Pour secouer l’indolente princesse et l’enhardir à de nouvelles démarches, au risque de subir une nouvelle rebuffade, il fallut l’événement qui, en comblant les vœux du Roi et de la nation tout entière, augmentait du même coup l’importance de la Reine et son crédit auprès de son époux. Dans le courant d’avril apparaissaient des signes de grossesse ; Louis XVI et ses sujets frémissaient à l’espoir d’avoir bientôt un héritier du trône. Cette circonstance, connue à Vienne, y déchaînait un redoublement d’insistances. L’effet en fut assez promptement sensible. Presque chaque semaine, à présent, la Reine mande auprès d’elle soit Maurepas, soit Vergennes, et quelquefois les deux ensemble, pour causer avec eux de « l’affaire de Bavière. » Son langage, néanmoins, témoigne encore de quelque hésitation. Elle n’ose réclamer formellement l’approbation de la politique impériale, l’adhésion sans réserve aux annexions de territoires ; elle se borne à souhaiter, en cas de guerre avec la Prusse, le concours, pour l’Empire, d’un corps d’armée français. « J’ai fait venir MM. de Maurepas et de Vergennes, écrit-elle le 19 avril à sa mère, je leur ai parlé un peu fortement, et je crois leur avoir fait impression, surtout sur le dernier. Je compte leur parler encore, peut-être même en présence du Roi[3]. »

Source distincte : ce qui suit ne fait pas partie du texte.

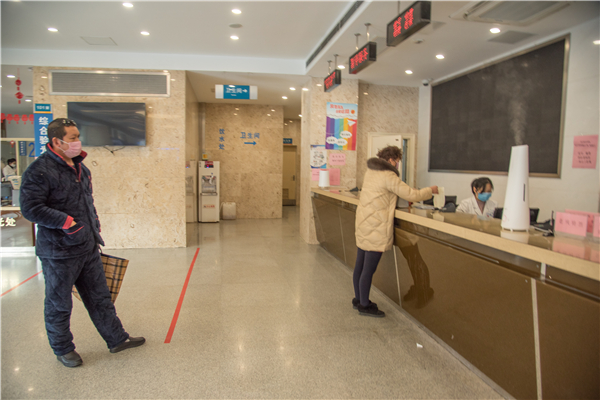 为防止就诊时人员聚集,在挂号交费、就诊等环节,设置一米五等待区,安排专人负责人员分流。同时,开放多个急诊室分流人员,防止急诊聚集,确保一人一消,“一医一患一诊”。
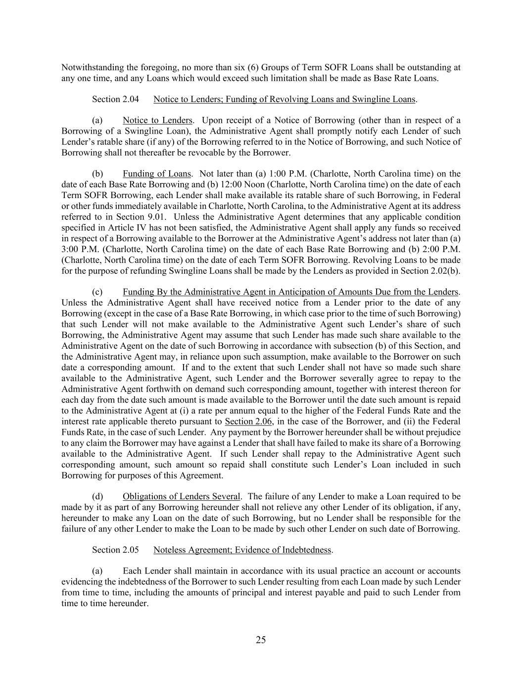 25 Notwithstanding the foregoing, no more than six (6) Groups of Term SOFR Loans shall be outstanding at any one time, and any Loans which would exceed such limitation shall be made as Base Rate Loans. Section 2.04 Notice to Lenders; Funding of Revolving Loans and Swingline Loans. (a) Notice to Lenders. Upon receipt of a Notice of Borrowing (other than in respect of a Borrowing of a Swingline Loan), the Administrative Agent shall promptly notify each Lender of such Lender’s ratable share (if any) of the Borrowing referred to in the Notice of Borrowing, and such Notice of Borrowing shall not thereafter be revocable by the Borrower. (b) Funding of Loans. Not later than (a) 1:00 P.M. (Charlotte, North Carolina time) on the date of each Base Rate Borrowing and (b) 12:00 Noon (Charlotte, North Carolina time) on the date of each Term SOFR Borrowing, each Lender shall make available its ratable share of such Borrowing, in Federal or other funds immediately available in Charlotte, North Carolina, to the Administrative Agent at its address referred to in Section 9.01. Unless the Administrative Agent determines that any applicable condition specified in Article IV has not been satisfied, the Administrative Agent shall apply any funds so received in respect of a Borrowing available to the Borrower at the Administrative Agent’s address not later than (a) 3:00 P.M. (Charlotte, North Carolina time) on the date of each Base Rate Borrowing and (b) 2:00 P.M. (Charlotte, North Carolina time) on the date of each Term SOFR Borrowing. Revolving Loans to be made for the purpose of refunding Swingline Loans shall be made by the Lenders as provided in Section 2.02(b). (c) Funding By the Administrative Agent in Anticipation of Amounts Due from the Lenders. Unless the Administrative Agent shall have received notice from a Lender prior to the date of any Borrowing (except in the case of a Base Rate Borrowing, in which case prior to the time of such Borrowing) that such Lender will not make available to the Administrative Agent such Lender’s share of such Borrowing, the Administrative Agent may assume that such Lender has made such share available to the Administrative Agent on the date of such Borrowing in accordance with subsection (b) of this Section, and the Administrative Agent may, in reliance upon such assumption, make available to the Borrower on such date a corresponding amount. If and to the extent that such Lender shall not have so made such share available to the Administrative Agent, such Lender and the Borrower severally agree to repay to the Administrative Agent forthwith on demand such corresponding amount, together with interest thereon for each day from the date such amount is made available to the Borrower until the date such amount is repaid to the Administrative Agent at (i) a rate per annum equal to the higher of the Federal Funds Rate and the interest rate applicable thereto pursuant to Section 2.06, in the case of the Borrower, and (ii) the Federal Funds Rate, in the case of such Lender. Any payment by the Borrower hereunder shall be without prejudice to any claim the Borrower may have against a Lender that shall have failed to make its share of a Borrowing available to the Administrative Agent. If such Lender shall repay to the Administrative Agent such corresponding amount, such amount so repaid shall constitute such Lender’s Loan included in such Borrowing for purposes of this Agreement. (d) Obligations of Lenders Several. The failure of any Lender to make a Loan required to be made by it as part of any Borrowing hereunder shall not relieve any other Lender of its obligation, if any, hereunder to make any Loan on the date of such Borrowing, but no Lender shall be responsible for the failure of any other Lender to make the Loan to be made by such other Lender on such date of Borrowing. Section 2.05 Noteless Agreement; Evidence of Indebtedness. (a) Each Lender shall maintain in accordance with its usual practice an account or accounts evidencing the indebtedness of the Borrower to such Lender resulting from each Loan made by such Lender from time to time, including the amounts of principal and interest payable and paid to such Lender from time to time hereunder.
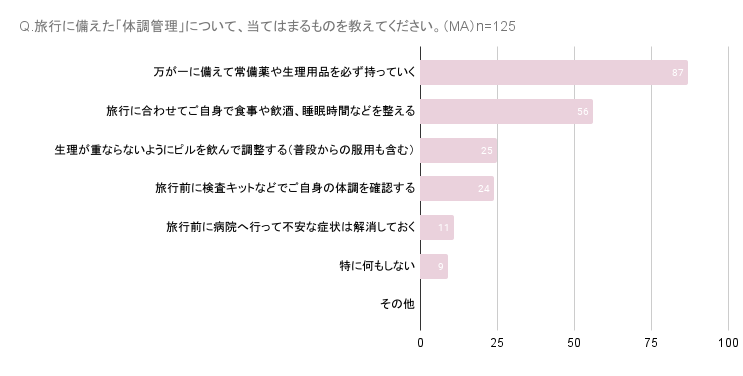 ・「なるべく旅行中に生理を気にしたくないので、日頃からピルを服用しているため自己調整をしています。特にリゾート地や温泉に行く場合は意識をしています。」(30代前半・会社員)

Voici comment cette entrevue est racontée par l’abbé de Véri, qui tient sa version de Maurepas : « La Reine[4]convia MM. de Maurepas et de Vergennes et leur dit qu’elle désirait que l’on fit quelque démonstration publique en faveur de l’Autriche. M. de Maurepas fit voir qu’une démonstration publique devient aisément un engagement de guerre. Il se rejeta sur la volonté du Roi ; sur quoi, la Reine fit plusieurs gestes de tête, signifiant que la volonté du Roi n’était, à ses yeux, que celle de

  1. Lettre du 14 mars 1778. — Correspondance publiée par d’Arneth.
  2. Lettre du 20 mars 1778. — Ibidem.
  3. Lettre du 20 mars 1778. — Ibidem.
  4. Journal de Véri. — 22 avril 1778.